What is being asked:
Would you return the data below exactly as it stands, with every picture left out?

Collected data:
-=-=-=-=-
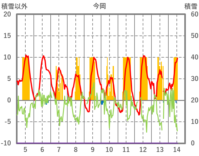 | 日 | 時 | 気温 | 降水 | 風向/風速 | 日照 | 積雪 | 降雪 |
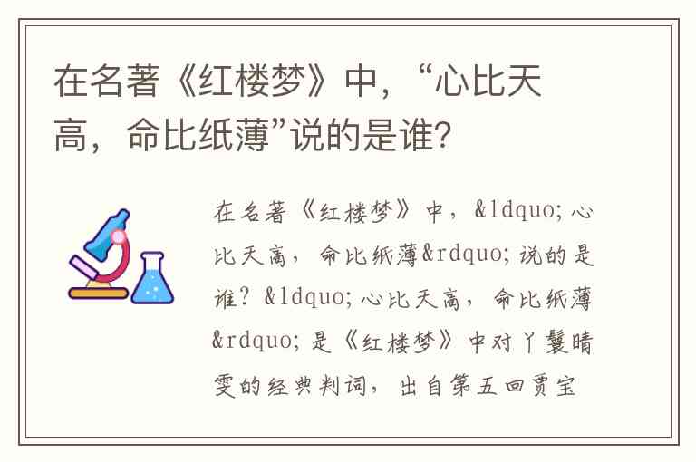在名著《红楼梦》中,“心比天高,命比纸薄”说的是谁?
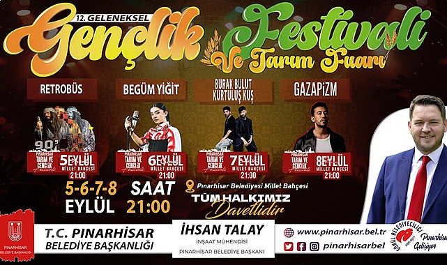 Pınarhisar Belediye Başkanı İhsan Talay, “milli birlik ve beraberliğimizi coşku ve heyecanla pekiştirmek için sizleri 5-8 Eylül tarihleri arasında düzenleyeceğimiz Gençlik Festivali ve Tarım Fuarı’mıza davet ediyoruz. Gelin, hep birlikte bu özel anları paylaşalım!” dedi. Pınarhisar Belediyesi gerçekleşecek olan programın gün ve saatlerini paylaştı.Festival Programı:-Tarım Fuarı Açılışı: 4 Eylül Çarşamba, Saat 12.00-İsmet Çakmak By Ghost Drummer Perküsyon Show: 5 Eylül Perşembe, Saat 20.00-Retrobüs Konseri: 5 Eylül Perşembe, Saat 21.00-Begüm Yiğit Konseri: 6 Eylül Cuma, Saat 21.00-Dj Emrullah: 7 Eylül Cumartesi, 20.00-Burak Bulut & Kurtuluş Kuş Konseri: 7 Eylül Cumartesi, Saat 21.00-Dj Emrullah: 8 Eylül Cumartesi, 20.00-Gazapizm Konseri: 8 Eylül Pazar, Saat 21.00Haber Merkezi
-=-=-=-=-
Exercise result:
 | 日 | 時 | 気温 | 降水 | 風向/風速 | 日照 | 積雪 | 降雪 |
在名著《红楼梦》中,“心比天高,命比纸薄”说的是谁?
 Pınarhisar Belediye Başkanı İhsan Talay, “milli birlik ve beraberliğimizi coşku ve heyecanla pekiştirmek için sizleri 5-8 Eylül tarihleri arasında düzenleyeceğimiz Gençlik Festivali ve Tarım Fuarı’mıza davet ediyoruz. Gelin, hep birlikte bu özel anları paylaşalım!” dedi. Pınarhisar Belediyesi gerçekleşecek olan programın gün ve saatlerini paylaştı.Festival Programı:-Tarım Fuarı Açılışı: 4 Eylül Çarşamba, Saat 12.00-İsmet Çakmak By Ghost Drummer Perküsyon Show: 5 Eylül Perşembe, Saat 20.00-Retrobüs Konseri: 5 Eylül Perşembe, Saat 21.00-Begüm Yiğit Konseri: 6 Eylül Cuma, Saat 21.00-Dj Emrullah: 7 Eylül Cumartesi, 20.00-Burak Bulut & Kurtuluş Kuş Konseri: 7 Eylül Cumartesi, Saat 21.00-Dj Emrullah: 8 Eylül Cumartesi, 20.00-Gazapizm Konseri: 8 Eylül Pazar, Saat 21.00Haber Merkezi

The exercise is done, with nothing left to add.